Kathie was pretty sure it was Stacy Morganstern, who used to be on the same peewee football cheerleading squad as Kim.
“Stacy? It’s Kathie.”
Stacy gasped. “Kathie Cassidy?”
“Yes.”
“You’re back in town? I hadn’t heard!”
“Just got in last night,” Kathie said. “How are you?”
“Well…fine. Just fine. How are you?”
“Great.”
“Where have you been? Everyone was so worried, and then no one knew, and—”
“Teaching. I was teaching. A temporary position in North Carolina, but it’s over now. Joe brought me home yesterday.”
“Joe?” Stacy gasped once more.
“Yes. He drove up and helped me move.” Not entirely untrue. He’d carried her suitcases to her car, after all.
“You’ve been seeing Joe? All this time?”
No way to answer that without lying, which Kathie really didn’t like to do.
“Stacy, I’m sorry. I’m kind of in a rush. I want to catch Joe before he makes lunch plans. Could you put me through?”
“Oh. Okay. Sure. I’ll get him for you.”
Kathie breathed a bit easier after escaping from the you’ve-been-seeing-Joe question. Relief was still rushing through her when Joe came on the phone.
“Kathie?” He sounded like a man approaching a rabid dog.
God, help me, please. I won’t ever go after my sister’s fiancé again. I swear. I won’t fall for any man I’m not allowed to have.
“We need to have lunch together,” she said in a rush, not giving herself time to think about it.
Just do it.
Follow the plan.
The Joe-is-not-the-bad-guy plan.
“Okay,” he said, still sounding like she might bite his head off or something.
“I mean, if we’re going to do this, we just have to do it. Which means, people have to see us together.”
“Okay,” Joe said. “I’ll pick you up in a half hour?”
“No, I’ll meet you at the bank. It’s always crowded at noon. Might as well start there, letting people see us, and then we’ll go to the Corner Café.”
Joe groaned. “You mean the diner?”
“Yes.”
“Darlene remodeled and changed the name. It’s actually called the Corner Diner now and it’s bigger.”
His chance meeting with Kate at the Corner Diner last fall was still probably the talk of the town, the best gossip to come out of the place in years. They’d run into each other in the midst of breaking up, and Kate had informed Joe very loudly that no, despite gossip to the contrary, she was not pregnant with his child or anyone else’s. She’d been spotted at the local OB/GYN’s office, taking a then-pregnant Shannon for a checkup. Everyone in town had assumed it was Kate who was pregnant, not Shannon, a girl Kate had met while volunteering with the Big Brothers Big Sisters organization.

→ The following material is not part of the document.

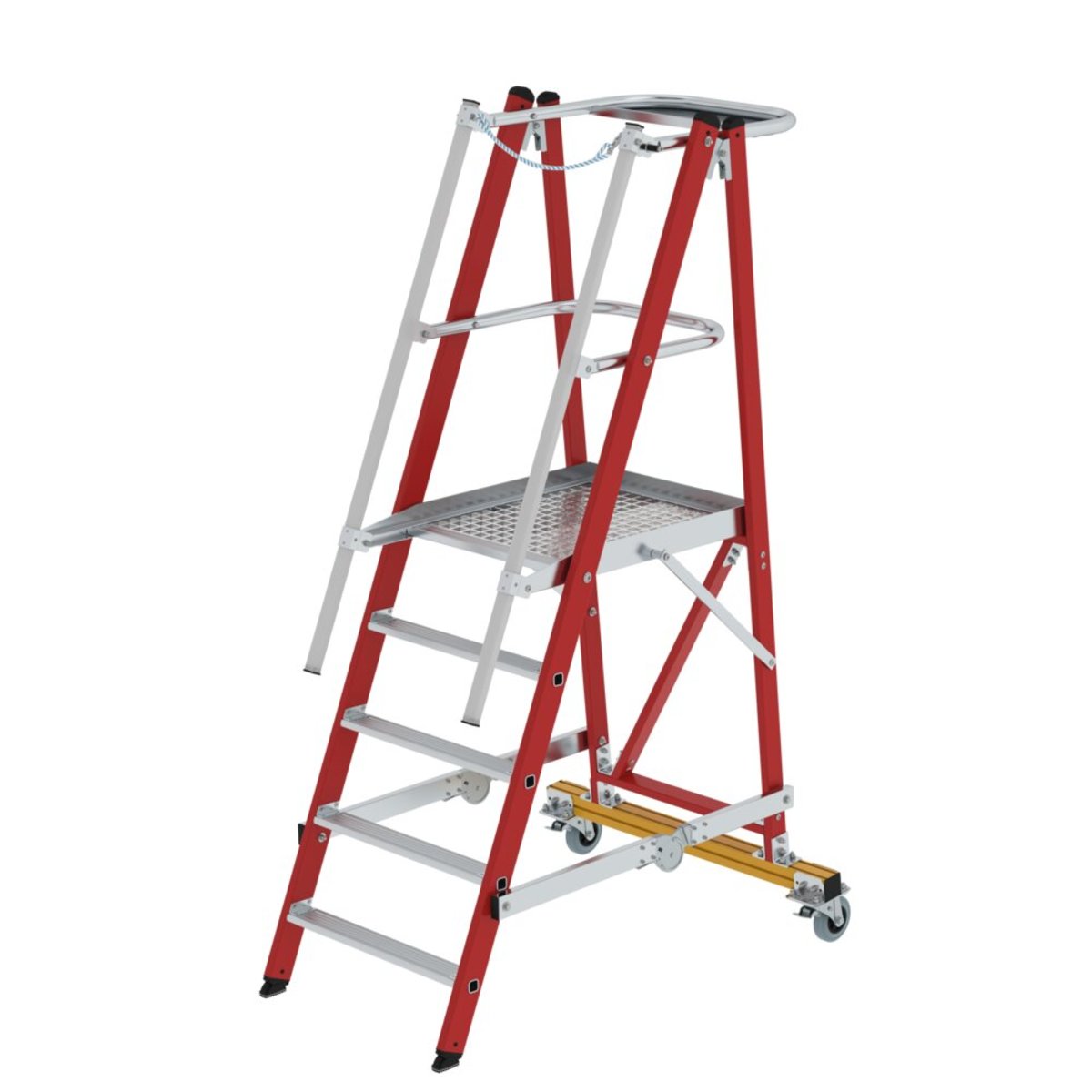 Plattformleiter aus GFK/Alu Holme aus glasfaserverstärkten Rechteckrohr-Profilen (mind. 10 Jahre Alterungsbeständigkeit) 80 mm tiefe, geriffelte Stufen aus Aluminium 4-fach gebördelte Stufen-/Holmverbindung Geräumige Plattform aus GFK Gitterrost (650 x 600 mm) Mit beidseitigem Handlauf, 3-seitigem, 1.000 mm hohem Geländer mit Knie- und Fußleisten sowie Sicherungsseil nivello® Leiterschuhe mit patentierter 2-Achsen-Neigungstechnik Stützteil mit schmaler Quertraverse und Bockrollen Ø125 mm mit Feststeller für einen schnellen Standortwechsel im ausgeklappten Zustand Dank stabiler Stahl-Scharniere platzsparend zusammenklappbar Großzügige Werkzeugablageschale Stufenabstand: 235 mm Geprüft bis 1.000 Volt nach DIN EN 61478:2002 Abschnitt 6.5.1 und A1:2004 Kategorie 1 (entspricht europäischer Norm DIN EN 131-7) Leiterneigung: 70° Maximale Belastung: 150 kg Lieferzeit: 15 Tage Geeignet für da…

So Kathie could understand why Joe was reluctant to be seen in the place, especially in another meeting destined to make the gossip rounds.
“We have to,” Kathie said. “And try to look happy when you see me. You’re supposed to be crazy about me, remember? Otherwise, you can’t be devastated when I break your heart in a month or so.”
Joe fought the urge to drum his fingers on his desk, a habit he’d given up two years ago as a New Year’s Eve resolution, because it wasn’t good for a man to show any outward sign of weakness. Or stress.